This is the “AI replaced the developer” story from up close: I’m here at 3am looking at a notification because something broke in prod, and the thing that shipped it was running fine, doing exactly what it was configured to do, while I was asleep.

The agent didn’t break prod. The configuration broke prod. The agent executed the configuration correctly.

The configuration was mine.

what changed and what didn’t

The part everyone gets right: the speed is real. Cursor parallel agents, Opus 4.6 running long multi-step tasks across a codebase, Codex spinning up in a sandbox and running its own tests. I can cover more surface in a day than I could in a week two years ago. That’s not exaggerated. The output multiplier is real.

The part people get wrong: the leverage makes you faster at building things, not faster at knowing what to build or faster at catching what went sideways. The bottleneck moved. It used to be writing the code. Now it’s reading the output, understanding it well enough to approve it, and noticing when the model did something technically correct but contextually wrong.

Half of “agent engineering” right now is just maintaining enough working memory of the system that you can evaluate what the agent shipped. You have to understand the codebase even though you didn’t write most of it. You have to read diffs in a domain you may not have touched in weeks. You have to notice the subtle wrong thing.

That’s a different skill than writing code. It’s closer to reviewing code written by a junior who is very fast and occasionally confident in exactly the wrong direction.

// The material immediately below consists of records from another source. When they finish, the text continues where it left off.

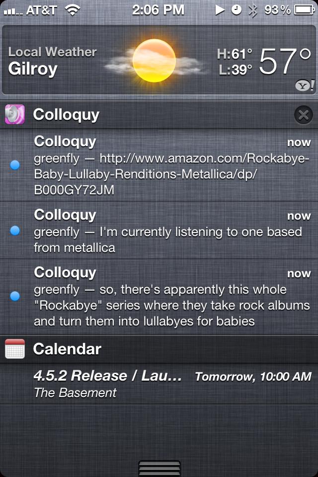 This solution, although totally usable, isn't quite as elegant as I'd like. My “main” tablet and phone are both iOS devices (iPad and iPhone, but let's not discuss my choice of mobile devices here), and Apple has a very clean, integrated push notification system. I started poking around to see if there was any way to send push messages to my iDevices rather than rely on SMS—that way my iPad would receive IRC “pings” as well.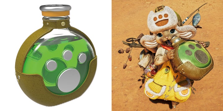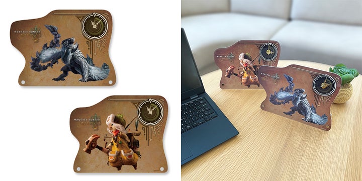 全長約40cmのオトモアイルーぬいぐるみ、ゲーム内の回復薬ボトルを模した飲料ボトル、ゲーム内の時計デザインのアクリル置き時計など、狩猟生活を楽しくするアイテムが展開されます。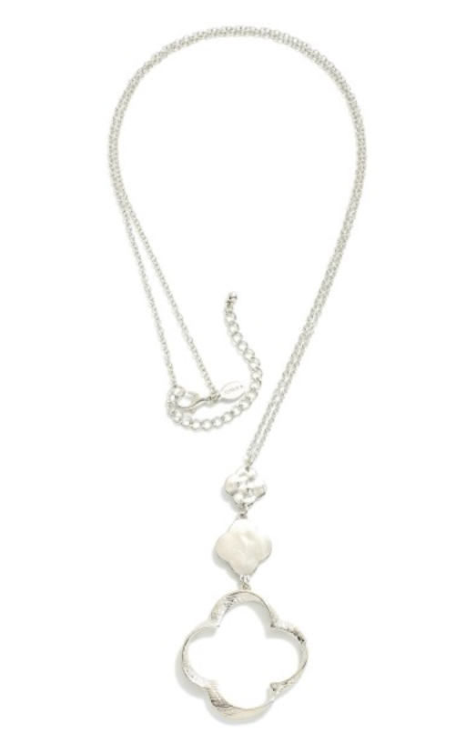 Long Chain Link Clover Pendant Necklace - Silver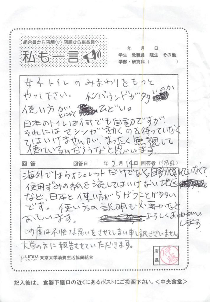 女子トイレのみまわりをもっとやって・・・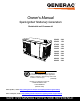 ® Owner’s Manual Spark-Ignited Stationary Generators Residential and Commercial 22 kW 25 kW 27 kW 30 kW 2.4L 1.5L 2.4L 1.5L 32 kW 36 kW 38 kW 45 kW 48 kW 60 kW 2.4L 2.4L 2.4L 2.4L 5.4L 2.4L WARNING Loss of life. This product is not intended to be used in a critical life support application. Failure to adhere to this warning could result in death or serious injury. (000209b) Register your Generac product at: WWW.GENERAC.COM 1-888-GENERAC (888-436-3722) Para español , visita: http://www.generac.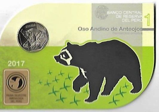 El Banco Central de Reserva del Perú (BCR) pone en circulación desde el 19 de julio de 2017, la primera moneda de la nueva Serie Numismática “Fauna Silvestre Amenazada del Perú”, alusiva al Oso Andino de Anteojos.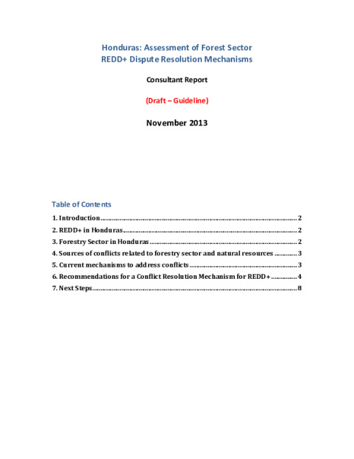 Home Document Library Honduras - REDD+ Grievance Mechanism - Assessment Report (DRAFT OUTLINE) Honduras - REDD+ Grievance Mechanism - Assessment Report (DRAFT OUTLINE) Sun, 08 Dec, 2013 Download the resource Format: application/pdf Size: (0.647 MB) download Filed under: Category Empty Related publications View all Foundation documents 23 May, 2025UN-REDD Programme Developer 23/05/2025 - Document Download English 21 May, 2025UN-REDD Programme Draft UN-REDD 2026-2030 Strategy Download English 21 May, 2025UN-REDD Programme Draft Monitoring and Evaluation Framework UN-REDD 2026-30 Download English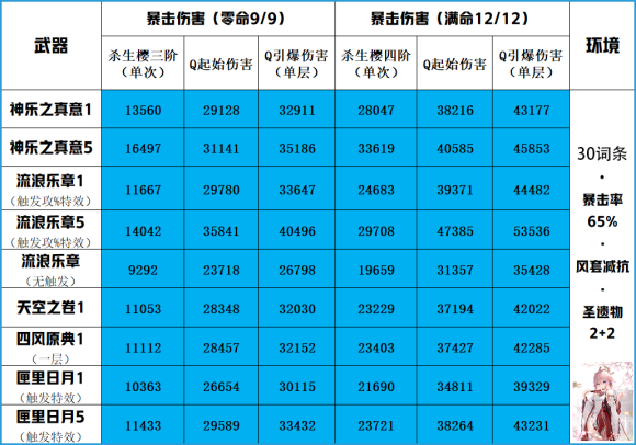 左からスキル1発のダメージ、元素爆発の最初の、元素爆発のキツネトーテムを破壊し与えるキツネトーテム1体あたりの追撃ダメージ![]()
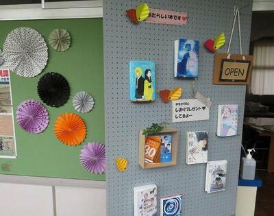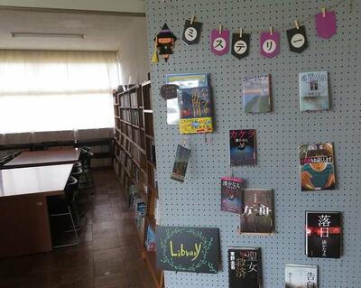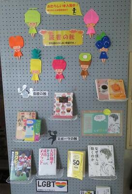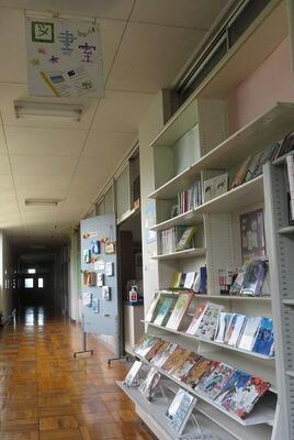 ☆図書室に行くと、図書室が秋の装いにチェンジしていました。生徒も思わず図書館に来室し、本を手にとりたくなります。また、生徒手作りの図書館の看板が廊下の天井から吊り下げられました。遠く空でもバッチリ見えますね。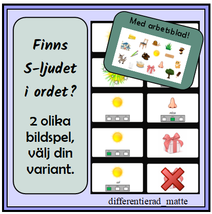 Till bildspelet finns även ett arbetsblad med alla bilder. Eleverna ringar in de bilder som har ljudet S i sig, samt att de kryssar över bilder som inte har det. Arbetsbladet är första sidan i ett bildspel. Bildspelet används sedan för genomgång av de rätta svaren. Detta arbetsblad kan användas i samband med det första bildspelet eller några dagar senare som repetition.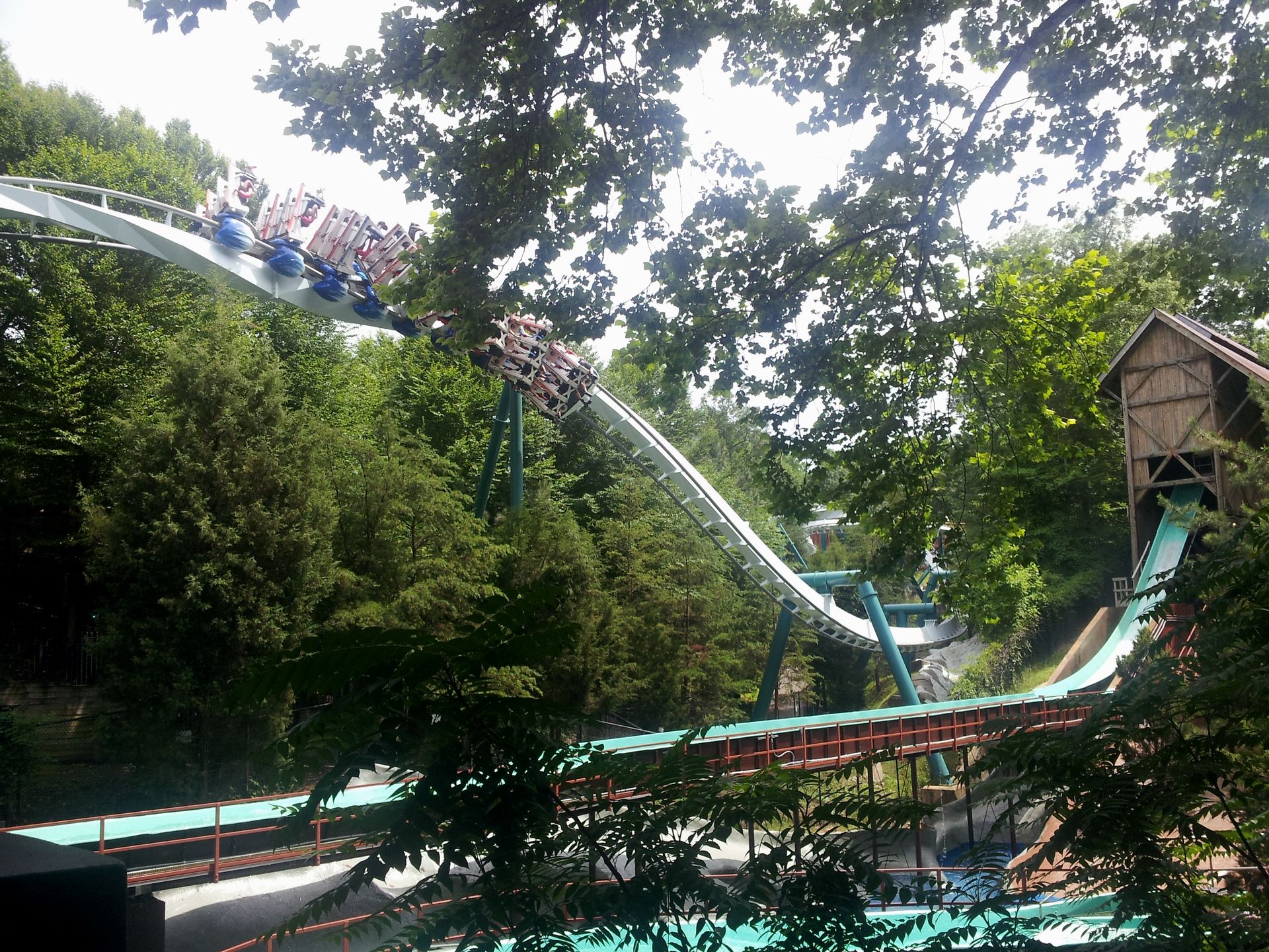 Ein kurzer Drop führt parallel zur Wildwasserbahn in eine Zero-G Roll.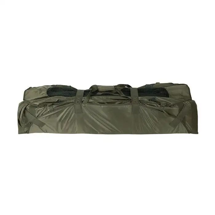 Eine große Reißverschlusstasche zur Aufbewahrung von Karpfenpflegegeräten, Waagen und Wiegeeinrichtungen ist ebenfalls an den hohen Seiten angebracht. Es gibt auch Schlaufen zum Aufhängen und Ösen zum Einhaken, um sicherzustellen, dass sich die Matte bei Windstößen nicht bewegt.

The junior analogy doesn’t fully hold because the agent has no ego and takes feedback without drama, which is honestly its best feature. But the supervision dynamic is real. You are responsible for what it ships. It doesn’t share that responsibility with you.

the posture that helps

I keep the agents on a short leash for anything stateful. Long leash for exploration, scaffolding, tests, documentation, first-draft features in a sandbox. Short leash the moment we’re anywhere near production data, keys, transactions, or a deploy pipeline.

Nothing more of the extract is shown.